Я пошел наверх, туда, где виднелись ее ноги в черных колготках, короткая юбка из коричневой кожи и обтягивающий черный свитер. Пальцы ее ног выступали над краем последней ступеньки, она держалась за перила и шагнула в сторону, когда я добрался до лестничной площадки. Даже без туфель она была на полголовы выше меня. Я потянулся к ней, и она недовольно поцеловала меня в губы.

— Пять минут, — сказала она.

Я прошел следом за ней в комнату. Всюду книги — и по стенам, и на полу, и на стульях, и на подоконниках, и на батареях центрального отопления. А уже на книгах валялись трусики, носки, туфли, лифчики. Узкая дорожка вела к дивану и рабочему столу. Инга села — нога на ногу, одна рука на животе, под грудью, столь пышной, что я вполне мог под нею спрятаться. Облокотясь на ладонь этой руки, она поднесла к губам сигарету. Над черной фигурой сияли заколотые светлые волосы, несколько прядей выбились из-под шпилек и упали ей на плечи и щеки. Лицо у нее было круглое, довольно правильное, с полными губами, которые, как мне казалось, постоянно манили к поцелую. Уже два с половиной года я встречался с этой девушкой, нееврейкой из рода, веками воспевавшего польдеры вокруг Франекера. В скрипучем загородном доме Ингиных родителей стихи ее предка в переплетенных вручную фолиантах ждали фризского филолога, который поведал бы миру о крови польдеров и мужестве коров. Не знаю, почему Инга выбрала меня — плоскостопого еврейского гнома.

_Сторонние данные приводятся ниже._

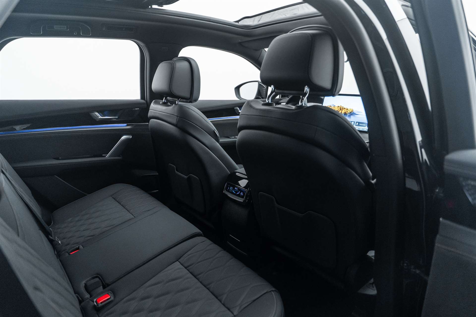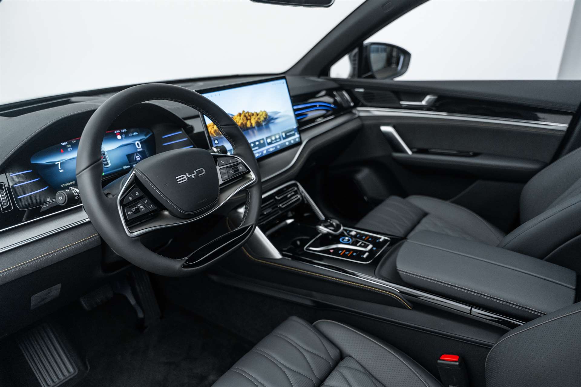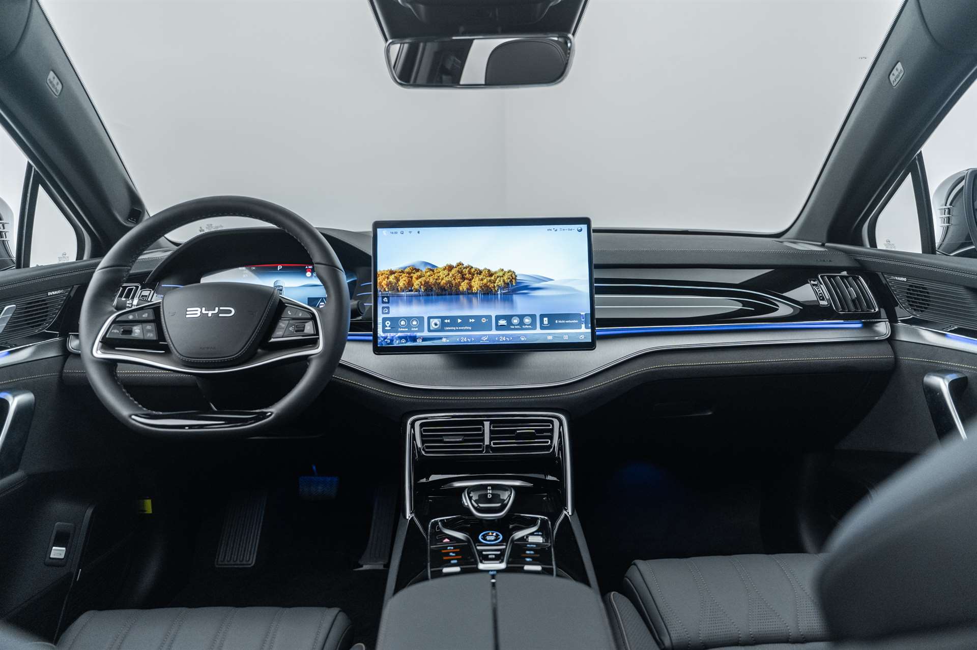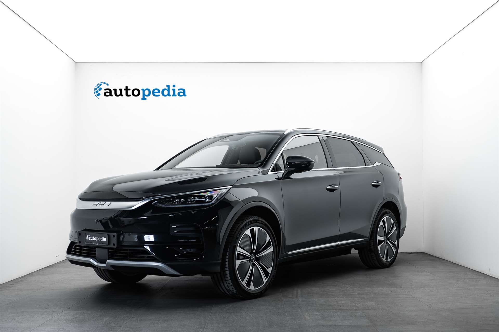 12-V-Steckdose, 12,3"-Fahrerdisplay, 15,6"-Zentraldisplay (um 90° drehbar), 2 × Schlüssel & 1 × NFC-Karte, 21"-Leichtmetallfelgen im zweifarbigen Design, 3,3-kW-V2L-Funktion (Vehicle-to-Load), 360°-Rundumsichtkamera, 4G-Internet, Adaptiver Tempomat (ACC) & Intelligenter Tempomat (ICC), Armaturenbrett in Wildleder, Ausziehbare Kofferraumabdeckung, Automatisch abblendender Innenspiegel, Automatischer Notbremsassistent (AEB), Bedienfeld für die Rücksitze, Begrüßungslicht (verzögertes Ein- und Ausschalten der Scheinwerfer), Beifahrerairbag vorne mit Deaktivierungsschalter, Beleuchtetes Handschuhfach, Bergabfahrhilfe (HDC), BYD App, BYD Sprachassistent („Hi BYD“) [nur englische Sprache], DAB-Radio & FM-Radio, Dachreling aus Aluminium, Diebstahlalarm, Dunkel getönte hintere Scheiben, Dynamischer Blinker, Dynamisches Begrüßungslicht, Dynaudio® Soundsystem (12 Lautsprecher), Elektrisch anklappbare, einstellbare und beheizbare Außenspiegel, Elektrisch beheizbares Lenkrad, Elektrisch verstellbarer Beifahrersitz (6-fach), Elektrisch verstellbarer Fahrersitz mit Memory-Funktion (8-fach), Elektrische Heckklappe, Elektrische Seitenscheiben mit One-Touch-Funktion, Elektrisches Sonnenrollo für das Panorama-Glasdach, Elektronisches Parkbremssystem (EPB), Fahrer-Müdigkeitserkennung (DFM), Fahrerairbag, Fahrmodi: Eco, Normal, Sport, Schnee, Fernlichtassistent (HBA), Front-Mittelairbag, Frontkollisionswarnung (FCW), Frontquerverkehrswarner (FCTA) & Frontquerverkehrs-Bremsassistent (FCTB), Fußraumbeleuchtung vorne, Garantie: Batterie-Garantie 8 Jahre oder 200'000 km, Garantie: Garantie 6 Jahre oder 150'000 km, Geräuschdämmende Frontscheibe, Gummimatte mit Velours-Einlegematte, Head-up display (HUD), Heckkollisionswarnung (RCW), Heckquerverkehrswarner (RCTA) & Heckquerverkehrs-Bremsassistent (RCTB), Hinten: 2 × LED-Leselampen, Hinten: 2 × Parksensoren, Hinten: 2 × USB-Ladeanschlüsse (1 × USB-A, 1 × USB-C), Höhenverstellbare Sicherheitsgurte vorne, Innenraumkamera, Integrierte Parkbremse (IPB), Intelligente Geschwindigkeitsregelung (ISLC), ISOFIX (Beifahrersitz vorne sowie äußere Sitzplätze der 2. und 3. Sitzreihe), Kabelloses Apple CarPlay und Android Auto, Kabelloses Laden für Smartphones, Klimaautomatik (3-Zonen), Klimabedienfeld für die Rücksitze, Klimatisierte Vordersitze mit Massagefunktion (Kühl- und Heizfunktion), Kofferraumbeleuchtung, Komfortstopp (CST), Kopfairbag (Vorhangairbag), Kurvenlicht, LED-Innenraumbeleuchtung, LED-Rückleuchten, LED-Scheinwerfer, LED-Tagfahrlicht, Licht- und Regensensor, Luftausströmer im Fond, Luftionisator, Manuell verstellbare 2. Sitzreihe (2-fach), Manuell verstellbare Kopfstützen im Fond, Mechanische Kindersicherung, Mehrfarbige, rhythmusaktive Ambientebeleuchtung (31 Farben), Metallic-Lackierung, Mittelkonsole vorne mit doppeltem Getränkehalter, Multifunktionslenkrad in Kunstleder, Navigation mit Routenplaner, Notbrems-Signalsystem (EBSS), Notbremsassistent beim Spurwechsel (ELK), Notrufsystem, Öffnen und Schließen der Heckklappe mit Kick-/Fußsensor, Panorama-Glasdach, Personenerkennung (CPD), Platz für 7 Personen (2+3+2), PM2,5-Luftfilter, PM2,5-Luftreinigungssystem, Reifendruckkontrollsystem (TPMS), Rücksitze: Sicherheitsgurte mit Kraftbegrenzer, Schlüsselloser Zugang & schlüsselloser Start, Schwarzer Dachhimmel, Seitenairbag vorne, Sitzbezüge: Nappaleder in frei wählbarer Farbe, Sonnenblenden mit beleuchteten Make-up-Spiegeln, Spurhalteassistent (LKA), Spurverlassensassistent (LDA), Spurverlassenswarnung (LDW), Spurzentrierungssystem (LCC), Stauassistent (TJP), Totwinkelassistent (BSD), Traktionskontrolle (TCS), Türöffnungswarnung (DOW), Umgebungsbeleuchtung aus den Außenspiegeln, Umklappbare 2. Sitzreihe (40:60), Umklappbare 3. Sitzreihe (50:50), Umklappbare Mittelarmlehne im Fond mit doppeltem Getränkehalter (2. Sitzreihe), V2L-adapter, Verkehrszeichenerkennung (TSR), Vordersitze mit elektrisch verstellbarer Lendenwirbelstütze (4-fach), Vordersitze mit integrierten Kopfstützen, Vordersitze: Sicherheitsgurte mit Kraftbegrenzer, Vorne: 2 × LED-Leselampen, Vorne: 2 × Parksensoren, Vorne: 2 × USB-Ladeanschlüsse (1 × USB-A, 1 × USB-C), Wärmepumpe, Zentralverriegelung

Я рассказал, что произошло за последние полтора часа. Она слушала и курила, а когда я выговорился, долго не сводила с меня своих светло-голубых глаз, оценивая, способен ли я справиться с самыми тяжкими умозаключениями.

— Что ты думаешь? — нетерпеливо спросил я.

— Ты говорил с ее врачом? — По сравнению с моим прокопченным амстердамским голосом голос Инги наводил на мысль о чистых фризских лугах и здоровом навозе.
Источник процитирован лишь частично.